Francis directs our thoughts, our will, and our vision to the created world, whose beauty we can see and whose creatures we can love. For Francis, God does not play a game of hide-and-seek in creation, since God is brilliantly present for those who open their eyes, their minds, and their hearts. In this brief canticle, Francis directs our attention not to God’s own self, but to the created world, to Brother Sun, Sister Moon, Sister Star and Brother Wind. To the question, “Does God exist?” Francis replies, “Contemplate creation.” To the question, “Can a human person know anything about God?” Francis again replies, “Contemplate creation.” If God’s love, power, goodness, praise, beauty, honor, and blessing are the birthplace of creation, then all of creation reflects, in a limited way, God’s love, power, goodness, praise, beauty, honor, and blessing.

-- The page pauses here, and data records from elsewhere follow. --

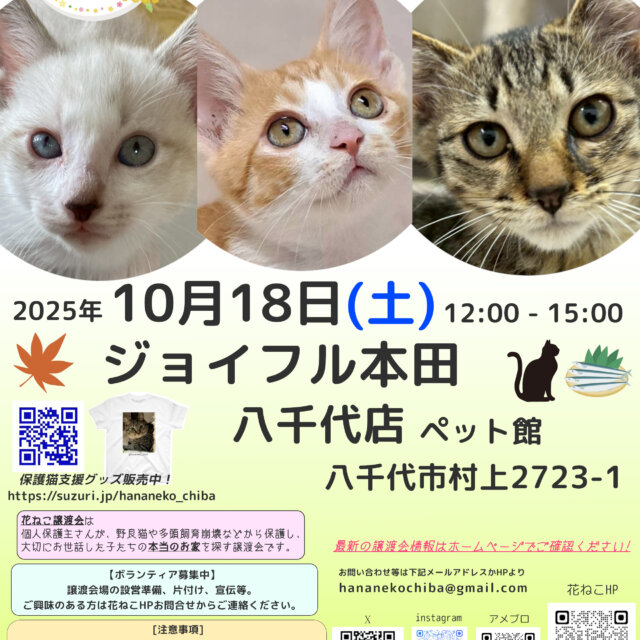 花ねこ譲渡会は、個人保護主さんが保護して大切にお世話した猫の「本当のお家」を探す譲渡会です。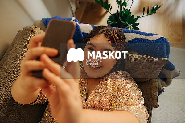 Glad kvinna tar bild på sig med smartphone liggande i soffa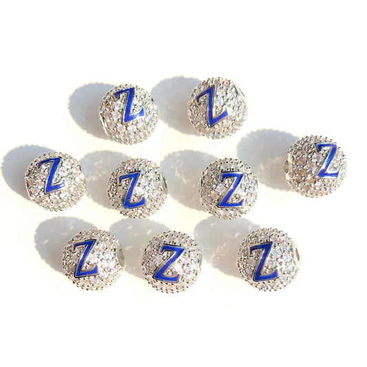 12pcs/lot 10mm Blue Enamel CZ Paved Greek Letters "Ζ", "Φ", "Β" Ball Spacers Beads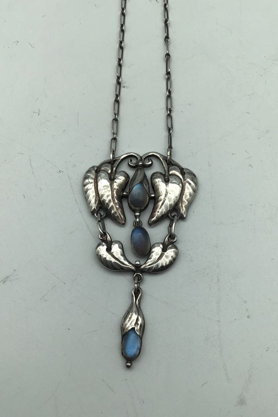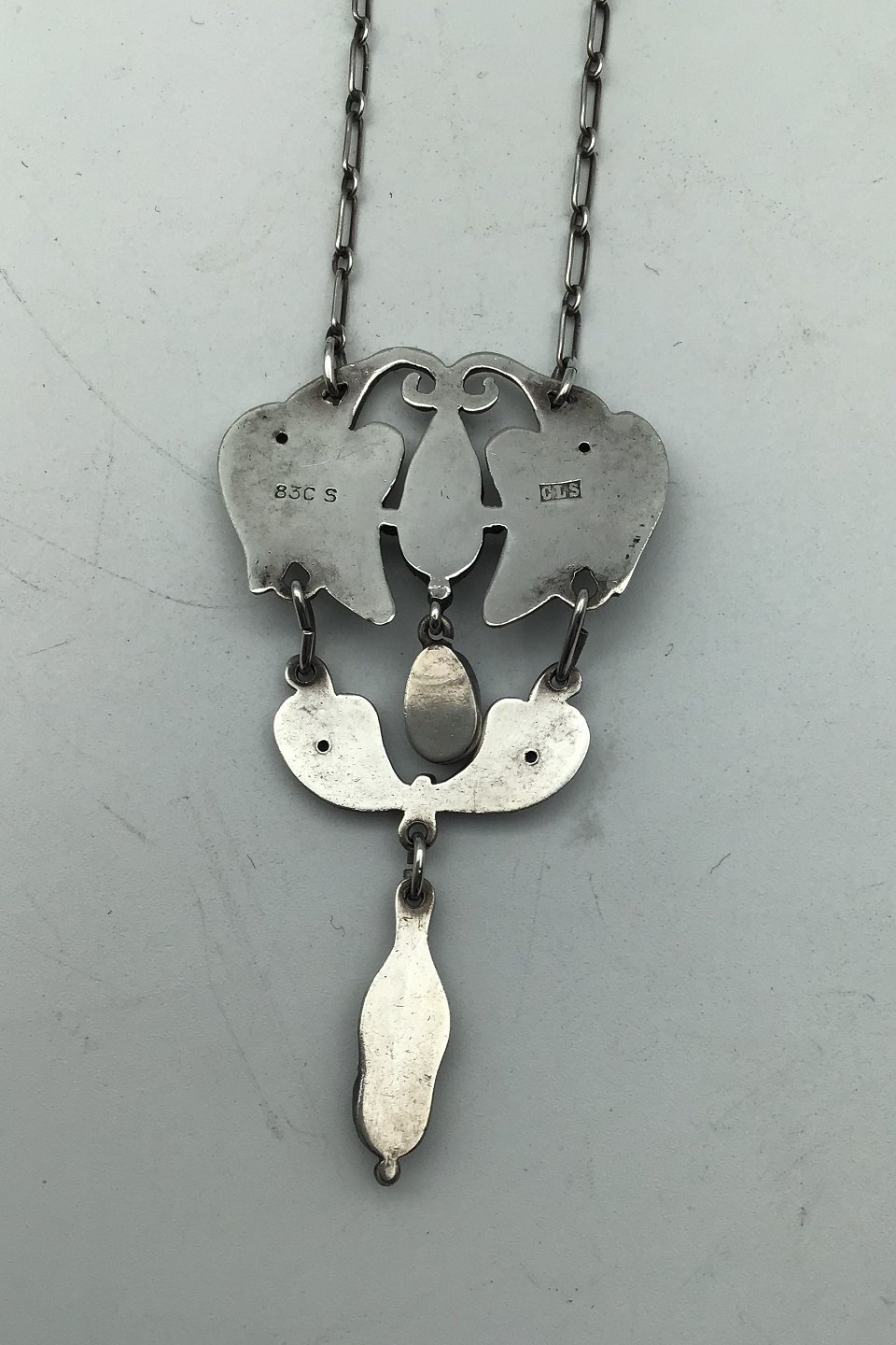 C.L. Severin Sørensen Silver Necklace (Moonstone) Measures Pendant 6.5 cm x 3.5 cm (2.55 inch x 1.37 inch) Chain 44 cm (8.66 inch)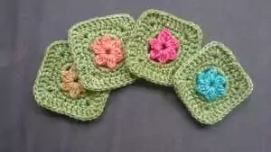 Deze granny square heet ‘Star’, of ‘Ster’. Het is de eerste granny van week 3 en de vierde granny van de Bloementuin Deken. Het is een kleine en vrij eenvoudige granny van 10 bij 10 centimeter als je hem met het voorgeschreven materiaal maakt. De granny bestaat uit 4 toeren en slechts 2 kleuren. Je maakt in totaal vier van deze vierkanten, in verschillende kleurencombinaties.

Francis studied creation, but he did so in a special way. Francis did not view creatures, such as the sun, moon, stars, wind, air, water, fire, and earth, simply as useful tools. Francis did not use creation in order that Francis himself could praise God. Francis is not saying “I, Francis, praise you, God, when I see my Brother Sun and my Sister Moon.” Rather, Francis in his contemplation of creation sees that the sun, moon, stars, wind, air, water, fire, and earth are themselves already praising God. These creatures give praise to God simply by their own existence. In Francis’s spirituality, he realized that all creatures are praising God, and in the creatures’ praising of God, human beings are able to catch at least a brief glimpse of the beauty, majesty, and love which describe who God truly is.

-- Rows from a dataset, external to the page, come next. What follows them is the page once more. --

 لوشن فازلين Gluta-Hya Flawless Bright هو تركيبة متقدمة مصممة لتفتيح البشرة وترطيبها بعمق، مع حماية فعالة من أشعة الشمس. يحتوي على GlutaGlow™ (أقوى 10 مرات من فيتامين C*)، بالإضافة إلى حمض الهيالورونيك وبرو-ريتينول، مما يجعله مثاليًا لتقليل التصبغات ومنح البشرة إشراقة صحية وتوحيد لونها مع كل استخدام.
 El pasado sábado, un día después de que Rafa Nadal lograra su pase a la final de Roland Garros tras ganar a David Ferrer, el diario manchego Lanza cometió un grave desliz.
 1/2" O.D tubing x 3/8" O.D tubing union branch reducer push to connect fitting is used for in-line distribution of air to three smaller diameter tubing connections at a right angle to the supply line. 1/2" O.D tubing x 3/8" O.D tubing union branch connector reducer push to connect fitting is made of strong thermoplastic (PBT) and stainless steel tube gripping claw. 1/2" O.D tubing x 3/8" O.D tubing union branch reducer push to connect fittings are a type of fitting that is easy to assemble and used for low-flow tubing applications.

As we shall see throughout this book, Franciscan theologians such as Anthony of Padua, Alexander of Hales, Bonaventure of Bagnoregio, Peter John Olivi, and John Duns Scotus wrote sermons, theological essays, and scholarly volumes containing statements and lengthy descriptions on Christian theology. In their writings, they deliberately made the spiritual vision of Francis and Clare regarding God and creatures a major and centralizing element of their scholarly syntheses.14
For these Franciscan scholars, knowledge of God’s existence is not based on a special intuitive knowledge or on a ...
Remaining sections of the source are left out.